Roots of Resistance was an anti-racist organization active in Vancouver, British Columbia, Canada from 1992 to 1996. The organization was formed shortly after a Vancouver demonstration in support of Rodney King during the 1992 Los Angeles riots, fusing an affinity group called Anarchists of Colour with Langara College's students of colour collective, the Third World Alliance, and other activists. Roots of Resistance was composed of people of colour only, with members of African, Asian, First Nations and Latin American ancestry, including people of mixed-race.

Members of Roots of Resistance were of various left-wing political tendencies, from anarchism to Marxism, as well as divergent cultural and religious perspectives. Uniting the group was an anti-colonial and anti-capitalist critique, including support of First Nations sovereignty and opposition to global imperialism. Roots of Resistance also criticized parliamentary attempts to restrict immigration, and directly opposed neo-fascist activity, two important issues in early- to mid-1990s Canada.

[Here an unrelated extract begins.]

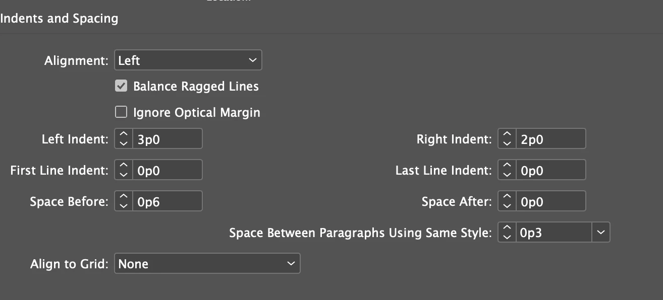 I have tried several different ioptions. I thought it might be related to indents and spacing but that doesn't seem to help either:
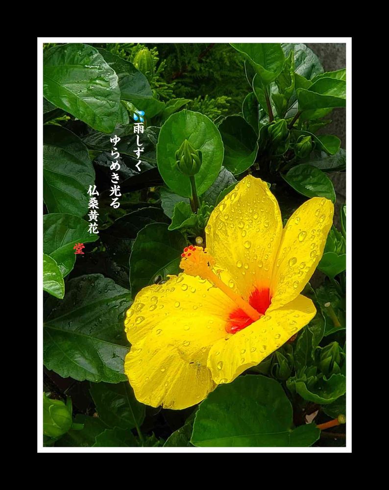 ;黄色のハイビスカスとともに雨しずく💦がゆらゆら揺れていてとても綺麗です。

Roots of Resistance's people of colour-only membership was an organizational strategy developed to address racism from a position of strength and affinity, but also to reject what was seen as a white cultural hegemony within the radical left which effectively excluded people of colour and their perspectives. (This critique was aimed at, to name a few examples, the white-led left's reduction of all matters of power to "the class struggle"; its "generation gap"-inflected suspicion of elders; its insensitivity to the importance of spirituality for some communities; its emphasis on counterculture over community; etc.)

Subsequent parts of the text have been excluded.